Sometimes we spend more than $400 month on gas and grocery. And we are a two people, maybe a small family soon. 
And there are times when our monthly statement is more than $1250..
ah well. I guess we might look at getting the Capital One Aspire Card. 

The bonus about Capital One card is that you you don't have to wait until you reach $50 to receive a cheque.


----------



## FrugalTrader (Oct 13, 2008)

I just spoke with an MBNA rep and they told me that existing card holders will retain the benefits that they signed up for. Anyone else get feedback from MBNA reps?


----------



## Echo (Apr 1, 2011)

@FT - the quote in my previous post was from Cathy Velazquez, Media Relations from MBNA Canada. All existing cardholders will get a letter in the next few days stating the changes, which will take effect December 1st. I've got an article going up on Moneyville about this tomorrow.


----------



## Echo (Apr 1, 2011)

Here's my post today on Moneyville - http://www.moneyville.ca/blog/post/1276120--mbna-cuts-rewards-on-popular-smart-cash-card


----------



## Dave (Apr 5, 2009)

FrugalTrader said:


> I just spoke with an MBNA rep and they told me that existing card holders will retain the benefits that they signed up for. Anyone else get feedback from MBNA reps?

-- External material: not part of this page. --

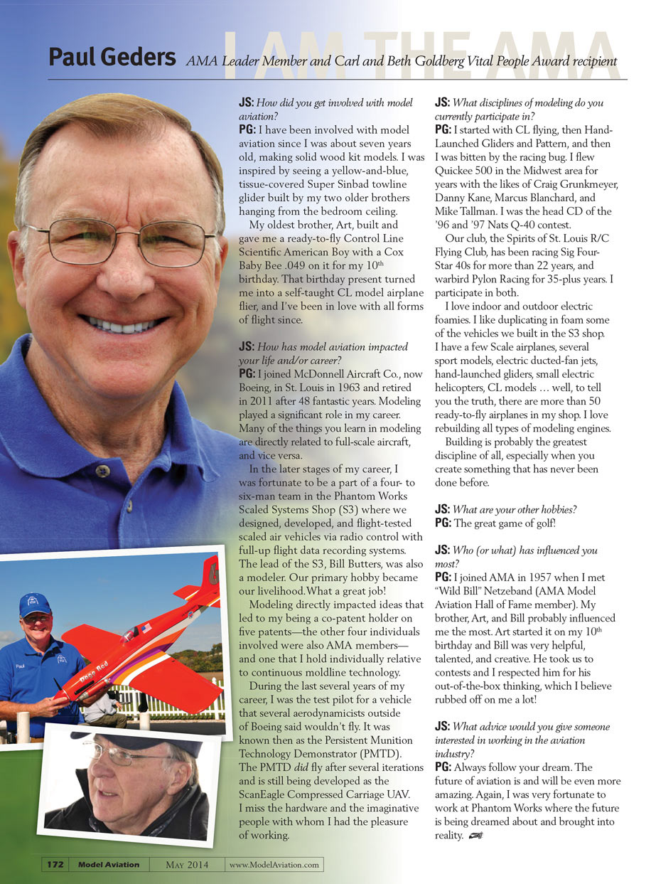 PG: I joined AMA in 1957 when I met “Wild Bill” Netzeband (AMA Model Aviation Hall of Fame member). My brother Art and Bill probably influenced me the most. Art started it on my 10th birthday and Bill was very helpful, talented, and creative. He took us to contests and I respected him for his out-of-the-box thinking, which I believe rubbed off on me a lot!

Not sure if it is true. Seems that there is a lot of confusion. I have two MBNA smart cash cards, one of them is the new World Card. I have them since over a year. I got a letter about benefit reductions for the World card but not for the other one. Go figure... I will be applying for the Capital One card and I might keep one MBNA card only for gas and gorceries.

D.


----------



## leoc2 (Dec 28, 2010)

I have a world card too. Got the letter last week. Capital One here I come.


----------



## GOB (Feb 15, 2011)

FrugalTrader said:


> I just spoke with an MBNA rep and they told me that existing card holders will retain the benefits that they signed up for. Anyone else get feedback from MBNA reps?


The rep was mistaken. I got my letter last week. 

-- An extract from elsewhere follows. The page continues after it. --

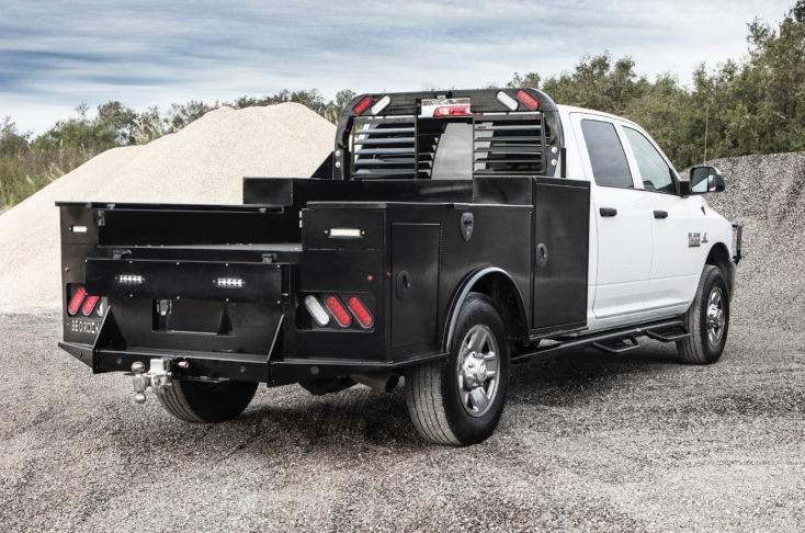 Our skirted flatbed that offers tall, integrated front toolboxes

Anyone considering the Capital One Cash should consider the World version that gives you points you can redeem for travel. You can potentially get a 2% return if you maximize the travel redemption. Not only can you redeem for travel but you can also get cash back at 1.5% if you so choose. There's a 35,000 point bonus at signup that is equivalent to $262.50. Annual fee is $120 but you get a 10,000 point bonus every year so the real fee is $45/year - great for the rewards, flexibility and all the benefits you get.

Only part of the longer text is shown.